Although the amendment had only partly accepted the demands of the campaign, the enactment was an indication of some measure of success. However, the inadequacy of these measures became clear in the Suman Rani case.[In spite of the rigorous punishment brought in through the amendment in cases of custodial rape, the Supreme Court reduced the sentence to five years on grounds that the woman was of ‘questionable character’ and ‘easy virtue’ with ‘lewd’ and ‘lascivious behaviour’. The court also dismissed a review petition filed by women’s groups. The Suman Rani case was no exception; the judiciary was routinely awarding less than the minimum sentence in rape trials despite the statutory mandate laid down by the amendment. In Mohd.Habib v. State, the Delhi High Court allowed a rapist to go scot-free merely because there were no marks of injury on his penis, which the High Court presumed was indicative of consent.

·        In Mohd.Habib Vs State, the Delhi High Court allowed a rapist to go scot-free merely because there were no marks of injury on his penis- which the High Court presumed was a indication of no resistance.
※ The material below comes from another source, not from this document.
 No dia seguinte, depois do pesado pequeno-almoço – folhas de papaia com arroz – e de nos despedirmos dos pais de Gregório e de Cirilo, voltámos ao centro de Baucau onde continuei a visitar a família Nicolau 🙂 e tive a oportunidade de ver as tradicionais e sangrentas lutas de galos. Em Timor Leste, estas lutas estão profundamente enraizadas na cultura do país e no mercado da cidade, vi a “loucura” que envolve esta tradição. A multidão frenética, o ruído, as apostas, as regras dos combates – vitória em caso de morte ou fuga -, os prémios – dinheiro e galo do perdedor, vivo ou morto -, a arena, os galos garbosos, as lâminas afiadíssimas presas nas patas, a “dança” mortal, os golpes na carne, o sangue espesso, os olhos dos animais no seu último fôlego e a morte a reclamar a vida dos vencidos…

The most important facts such as the age of the victim (being seven years) and that she had suffered a ruptured hymen and the bite marks on her body were not considered by the High Court. Even the eye- witnesses who witnessed this ghastly act, could not sway the High Court’s judgment.   
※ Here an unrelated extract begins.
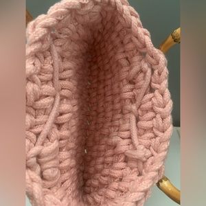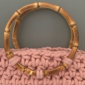 Mini Crochet Baby Pink Bag With Bamboo Handle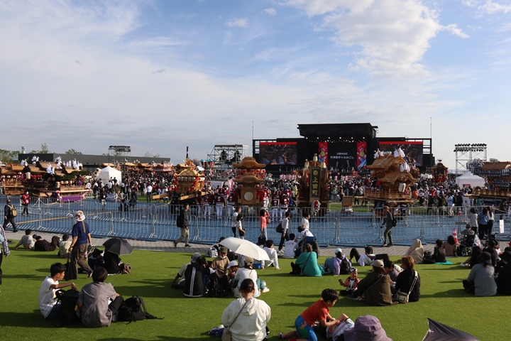 ![]() EXPOアリーナの芝生エリアにも人が集まってきました。 |

·        In another instance of conscience stirring cases, Sakina- a poor sixteen year old girl from Kerala, who was lured to Ernakulam with the promise of finding her a good job, where she was sold and forced into prostitution. There for eighteen long months she was held captive and raped by clients. Finally she was rescued by the police- acting on a complaint filed by her neighbour.With the help of her parents and an Advocate, Sakina filed a suit in the High Court- giving the names of the upper echelons of the bureaucracy and society of Kerala.The suit was squashed by the High Court, while observing that ‘ it is improbable to believe that a man who desired sex on payment would go to a reluctant woman; and that the version of the victim was not so sacrosanct as to be taken for granted.’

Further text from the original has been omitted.